The present times have put an unknown financial outcome squeeze on a small part of British industry and I hope WC can weather the storm. This recall has actually worked well for me personally, my 2 sets of classics was due for renewal after this winter
years old, many of which took a fall> so I’ll take my 2 new sets with glee. Would this stop me be buying WC ever again? Would it f**k! This only serves to reinforce the brand and the aftercare and I only hope others can see this for what it is – fantastic aftercare the likes of what you could only wish for with other brands. The price you pay for gear is unbelievably small compared to other weekend hobbies, I’m an angler too and it isn’t at all uncommon to break a pole or rod section, £70 gone in an instant on a new section without a thought. A set of wires costs not much more than that and they last for years with proper application. That’s the thing, climbing gear is expendable. It has a life and a sacrificial life too, I’m quite happy to leave slings and crabs all over the mountains as I retreat in safety, wise up guys, its only gear. If you are stepping onto a route, no matter if it is an E3 or a VDiff, don’t expect your gear to save your life. Ultimately it is YOU that has that choice, get on the dance floor knowing the risks or stay at the bar watching everyone else…. The gear is there to give you a chance that’s all and there are no guarantees, there are just so many variables.
A couple of examples to put this context. Recently I have been involved with a Nissan Pirmera action group to get Nissan to at least acknowledge they made a boo-boo. Basically there is an electronic fault on the Primera that renders the car almost undriveable, Glue was applied by a circuit board subcontractor to a circuit board to stop a couple of coils from buzzing. Over time the glue has deteriorated to an extent where it has lost its elasticity so when the ambient temperature falls to a certain level, the glue shrinks and pulls a transistor off the board. This renders the driver display inoperable – no audio control, no heater control, no rear demister etc. The car is drivable but in winter with fogged up glass it is dangerous. Nissan have answered - basically it is out of warranty so not our problem. (how could Nissan know his would happen?) That has nothing to do with climbing so I’ll expand further.
A few years back I devised a ‘repair’ to fix the awful design of the release wires on Omega Pacific link cams. The cams may well be the butt of ridicule on the forums however, these clever cams worked well once the mechanics and- application was fully understood. Now don’t get me wrong, I am not advocating swapping your ten cams for 3 link cams but they had their place. I’ve a guide friend who loved them, he did the same routes week in week out and carrying 2 linkers (rather than a set of conventional cams) proved to be very worthwhile in terms of speed, weight and simplicity. Omegas customer service was terrible, despite the MD of Omega posting on UKC how committed they were to sorting the release wires they simply would not even answer any of my many emails. Such a shame, great idea, great design (application limitations accepted) but basically Omega have flicked the bird at us ‘Out of warranty, not our problem’
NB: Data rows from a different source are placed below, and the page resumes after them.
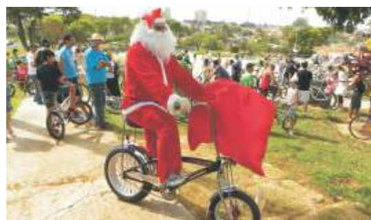
Papai Noel chegou mais cedo e participou do passeio ciclístico

Power Print, 1 pela Rodtel Telecom, 1 pela Strutural Blocos e Pavimentação, 1 pelo Varejão Santa Catarina e 1 pela Farmácia Bom Pastor. Também foram distribuídos 200 mudas de árvores frutíferas (amora, jabuticaba, goiaba, pitanga e ipê), 300 kits de materiais didáticos de educação ambiental e de inclusão social através da acessibilidade pela Empresa PB Lopes Concessionária Scania, idealizadora do Projeto Social Ipê Amarelo da APAE, 1500 lanches, 250 litros de refresco Ninfa, 500 sorvetes e muitos saquinhos de pipoca e algodão doce. As crianças se divertiram com a cama elástica e o tobogan disponibilizados pela AERO.
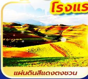
แผ่นดินสีแดงตงชวน
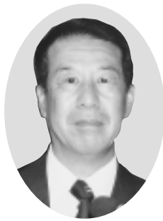
榎本和男 議員 (清風会)

駅前整備を進めるものである。杉戸工場の機能移転に伴い、跡地とその周辺部の区画整理と、接続する都市計画道路動物公園駅西口通り線などを一体的に整備を行うための調整測量を平成16年度までに完了した。 その後は、平成17年度末、東武として駅西口地区の整備について、社内で検討している旨の情報を得た。工場跡地を含めた駅西口地区の整備に向け、東武鉄道と緊密な連携を図っていく。
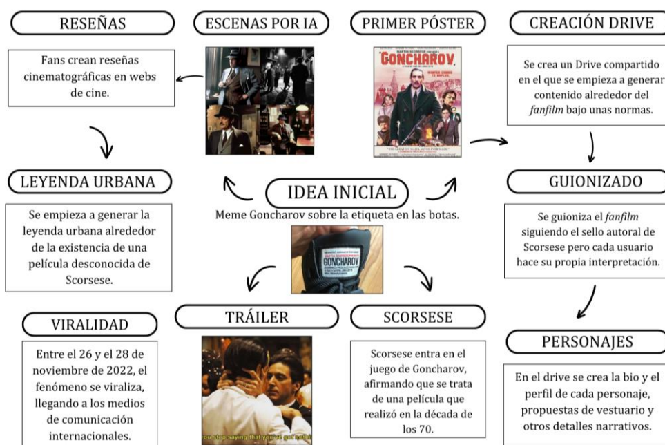
Figura 3. Evolución del universo narrativo transmedia de Goncharov

El concepto central del fenómeno y desde el que surgen todas las creaciones posteriores es el de la existencia de una película de mafia llamada Goncharov , avalada por Martin Scorsese y dirigida por el desconocido director Matteo JWHJ 0715, gracias a una bota y una publicación en Tumblr. De este concepto surgen varias líneas independientes como son el primer póster que aporta, además, el elenco actoral, escenas generadas por un usuario con la ayuda de la IA que permite dar forma visual y estética a la idea y, en tercer lugar, la publicación de contenido creado por diferentes usuarios que habilita la expansión y profundidad de la narrativa. A continuación, se muestra una infografía sobre la evolución del universo narrativo transmedia de Goncharov :
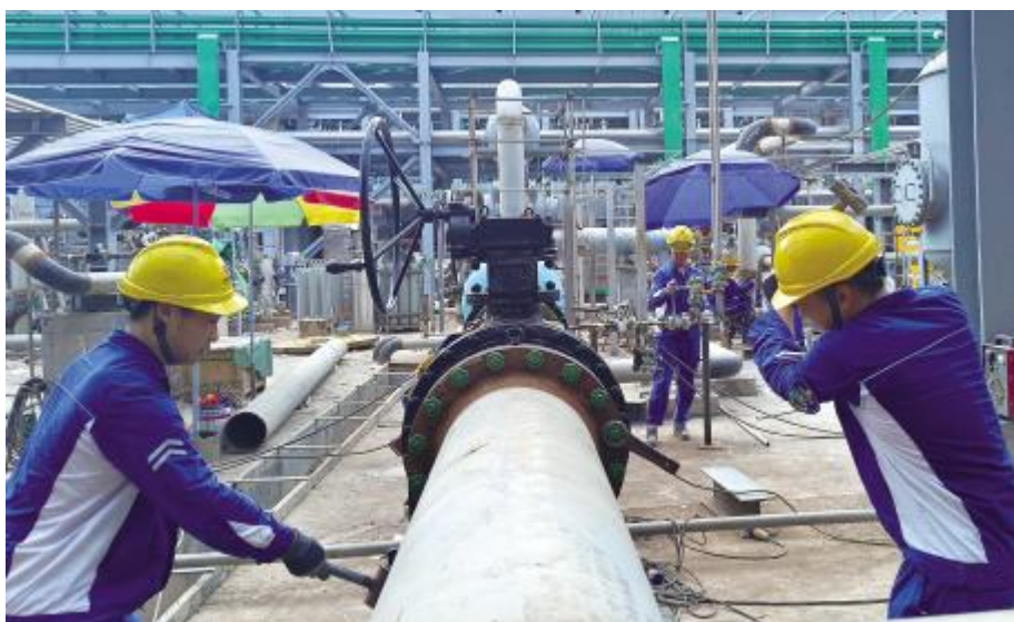
坚守一线岗位,直面“烤”验的永祥人
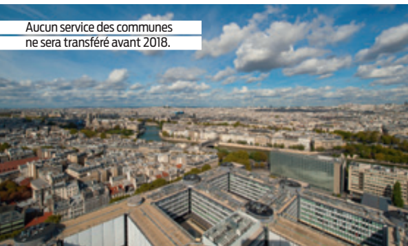
Aucun service des communes ne sera transféré avant 2018.
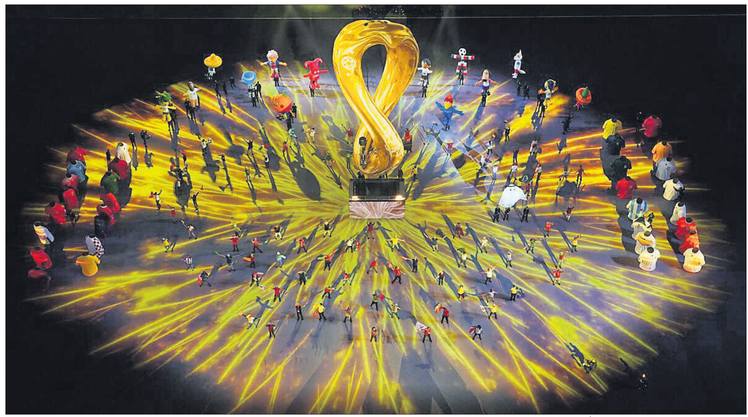
କାତାରର ଅଲ୍‌ବାୟର୍ ଷ୍ଟାଡ଼ିୟମରେ ରବିବାର ପିଫା ବିଶ୍ୱକପ୍ ଉଦ୍‌ଘାଟନା ଉତ୍ସବରେ କଳାକାରମାନେ ନୃତ୍ୟ ପରିବେଷଣ କରୁଛନ୍ତି । (ଅଧିକ ଫଟୋ ଓ ରିପୋର୍ଟ ଖୋଜନ୍ତୁ)
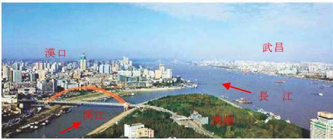
写真-2 武漢三鎮および長江と漢江との合流点

漢三鎮」と呼ばれ、漢口、漢陽、武昌の三つの都市からなっている。また、武漢市は中部長江と京広線（北京～広州）の水陸交通大動脈の結末点で東に上海、西に重慶、南に広州、北に北京といずれも1,000kmの距離に位置し、物流の要として重要な役割を果たしている。
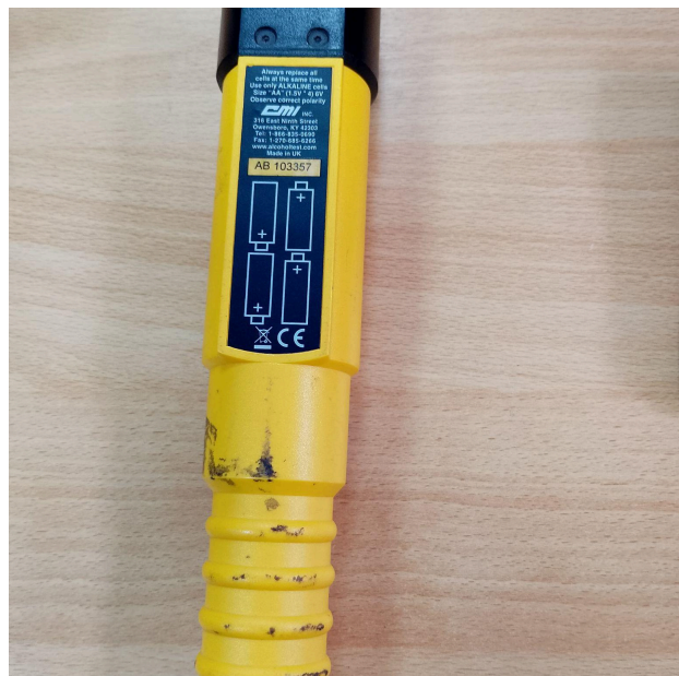
Fig. 1 Vista general del Equipo (Vista frontal y posterior)

Talking of cam release wires, in my honest option WC came up with the only user friendly repair kit with their flexi friend repair kit thanks to some very clever design on the trigger bar and a reslinging service to boot…..
Problem with Wild country? I certainly don’t think so!
I apologise in advance for waffling, I’m not a Wild County tart although I do have a certain affinity with WC, I’ve been buying gear for 30 years. Clog, HB, Kong, Faders, name them all. WC was always the quality brand for me. I was a mere underling when cams came out and we were talking a weeks wage to buy one! If you at are at all worried go buy a set of walnuts or whatever. DMM will give you the same customer service as WC have here. Nobody is immune to failure WC, DMM or anyone else. Lets not play this off as DMM vs WC, DMM had problems too (remember the dragon recall?) Let’s see this for what is truly is – British manufacturing, when we get it right it is a world beater, design, application and aftercare. Simple.